# [Entries shown]
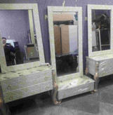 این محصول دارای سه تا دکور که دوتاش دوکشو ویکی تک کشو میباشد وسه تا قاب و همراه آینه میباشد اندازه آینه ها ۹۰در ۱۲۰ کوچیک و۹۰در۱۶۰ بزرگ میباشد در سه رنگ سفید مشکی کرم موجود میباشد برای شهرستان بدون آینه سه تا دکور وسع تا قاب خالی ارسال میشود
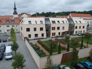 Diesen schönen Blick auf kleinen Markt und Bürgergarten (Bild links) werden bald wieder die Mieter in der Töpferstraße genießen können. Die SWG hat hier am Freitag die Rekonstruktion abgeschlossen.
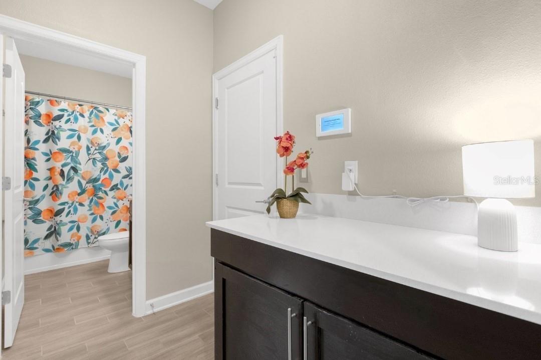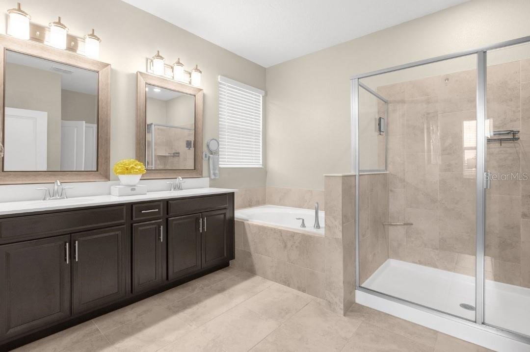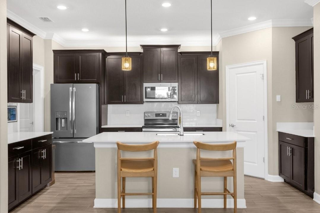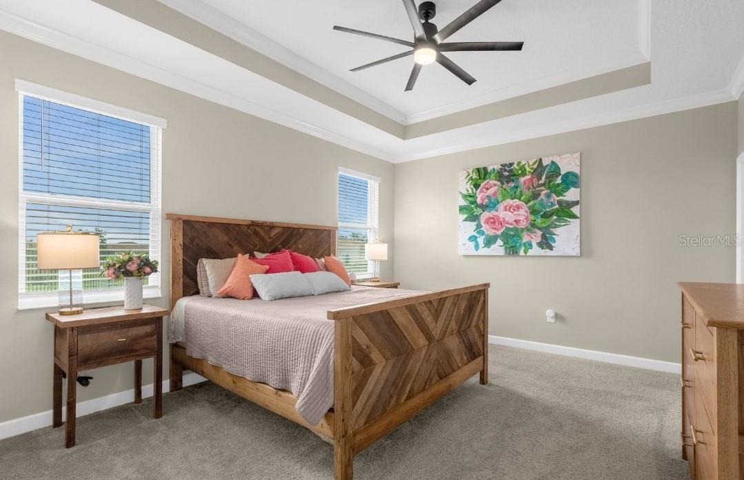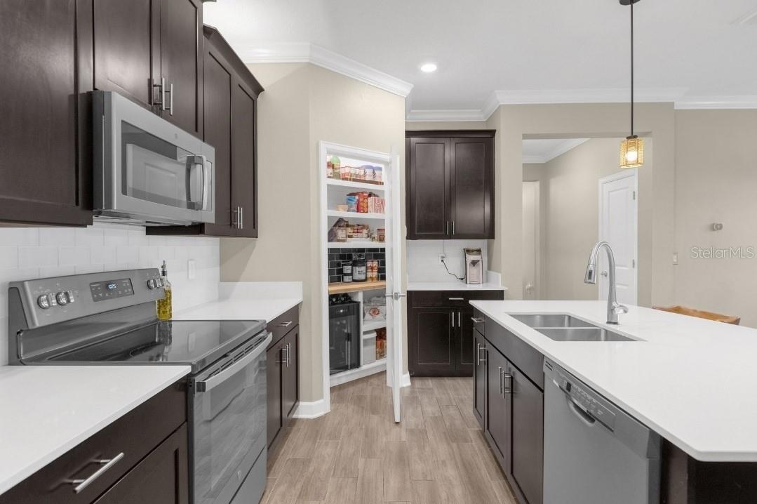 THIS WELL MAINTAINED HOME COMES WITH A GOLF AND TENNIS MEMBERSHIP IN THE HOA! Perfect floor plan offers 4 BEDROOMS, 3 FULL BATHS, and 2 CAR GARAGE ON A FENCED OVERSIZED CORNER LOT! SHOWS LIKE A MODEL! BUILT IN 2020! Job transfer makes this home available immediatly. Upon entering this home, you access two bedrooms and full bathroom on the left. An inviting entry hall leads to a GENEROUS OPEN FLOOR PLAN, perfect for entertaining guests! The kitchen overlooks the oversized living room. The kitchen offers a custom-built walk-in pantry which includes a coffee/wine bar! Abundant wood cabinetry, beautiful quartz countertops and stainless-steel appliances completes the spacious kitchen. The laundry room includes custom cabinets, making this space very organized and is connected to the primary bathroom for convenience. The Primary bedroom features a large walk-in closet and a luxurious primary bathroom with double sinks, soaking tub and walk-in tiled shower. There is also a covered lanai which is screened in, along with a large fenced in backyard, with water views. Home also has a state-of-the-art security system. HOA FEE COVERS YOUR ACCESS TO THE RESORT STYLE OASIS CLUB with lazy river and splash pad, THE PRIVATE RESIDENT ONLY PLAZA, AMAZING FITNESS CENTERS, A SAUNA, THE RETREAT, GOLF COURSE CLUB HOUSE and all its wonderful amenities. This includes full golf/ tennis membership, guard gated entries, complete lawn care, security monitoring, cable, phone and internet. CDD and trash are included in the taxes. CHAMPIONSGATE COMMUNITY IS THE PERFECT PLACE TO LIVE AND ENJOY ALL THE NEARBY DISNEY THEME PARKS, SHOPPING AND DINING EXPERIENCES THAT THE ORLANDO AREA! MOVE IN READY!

==

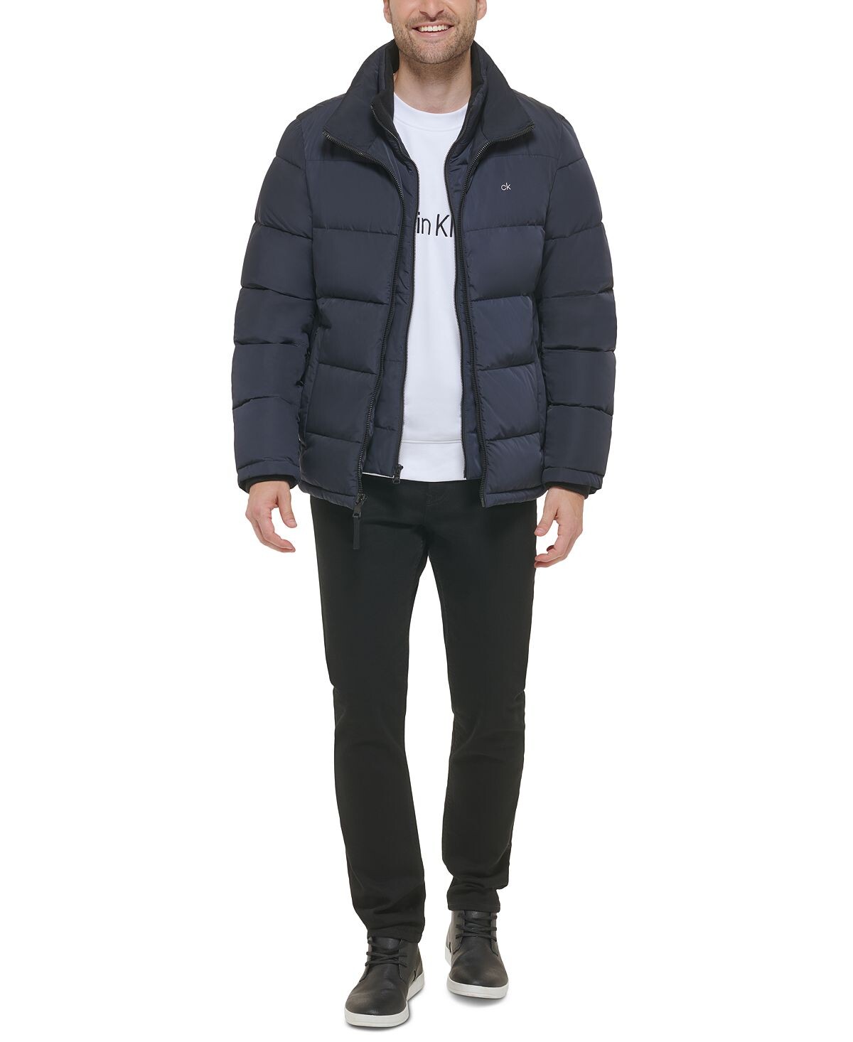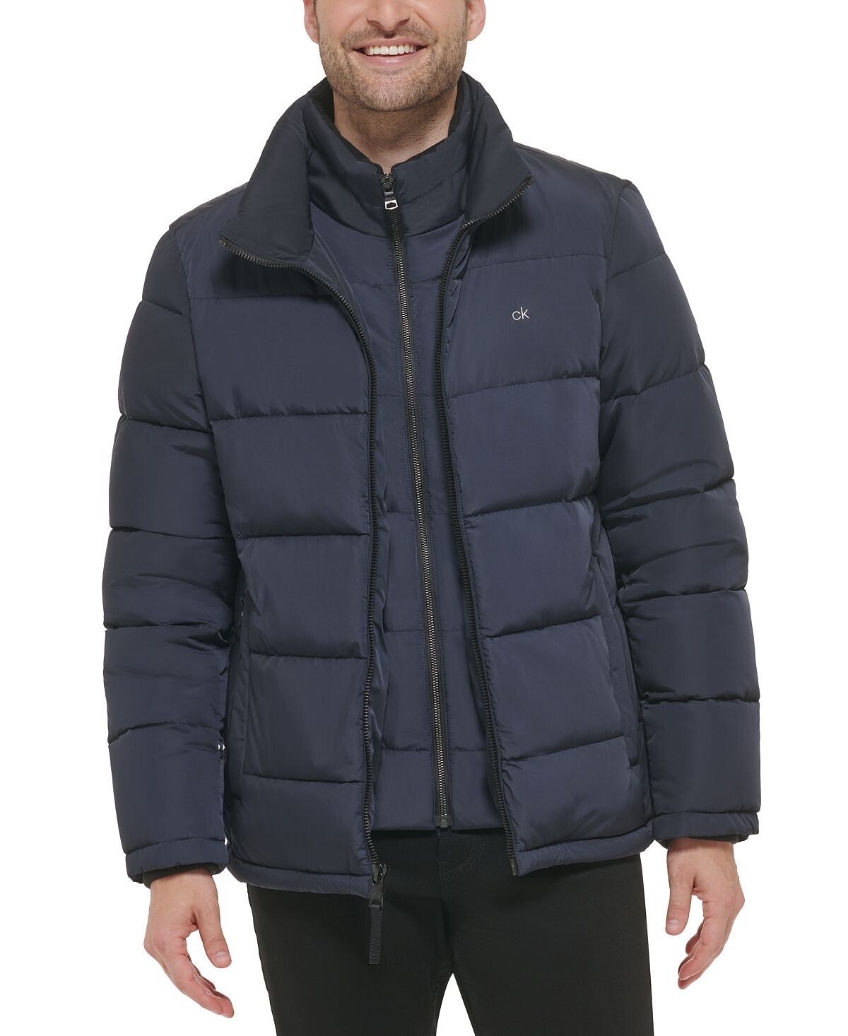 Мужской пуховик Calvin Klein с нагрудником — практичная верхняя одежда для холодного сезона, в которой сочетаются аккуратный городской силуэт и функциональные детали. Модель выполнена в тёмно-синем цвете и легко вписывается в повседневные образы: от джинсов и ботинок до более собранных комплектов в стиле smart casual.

# [Work to complete]
Write out again exactly the lines above from the one with "این محصول دارای" through the one with "Diesen schönen Blick", adding no other lines and no pictures.

# [Output]
 این محصول دارای سه تا دکور که دوتاش دوکشو ویکی تک کشو میباشد وسه تا قاب و همراه آینه میباشد اندازه آینه ها ۹۰در ۱۲۰ کوچیک و۹۰در۱۶۰ بزرگ میباشد در سه رنگ سفید مشکی کرم موجود میباشد برای شهرستان بدون آینه سه تا دکور وسع تا قاب خالی ارسال میشود
 Diesen schönen Blick auf kleinen Markt und Bürgergarten (Bild links) werden bald wieder die Mieter in der Töpferstraße genießen können. Die SWG hat hier am Freitag die Rekonstruktion abgeschlossen.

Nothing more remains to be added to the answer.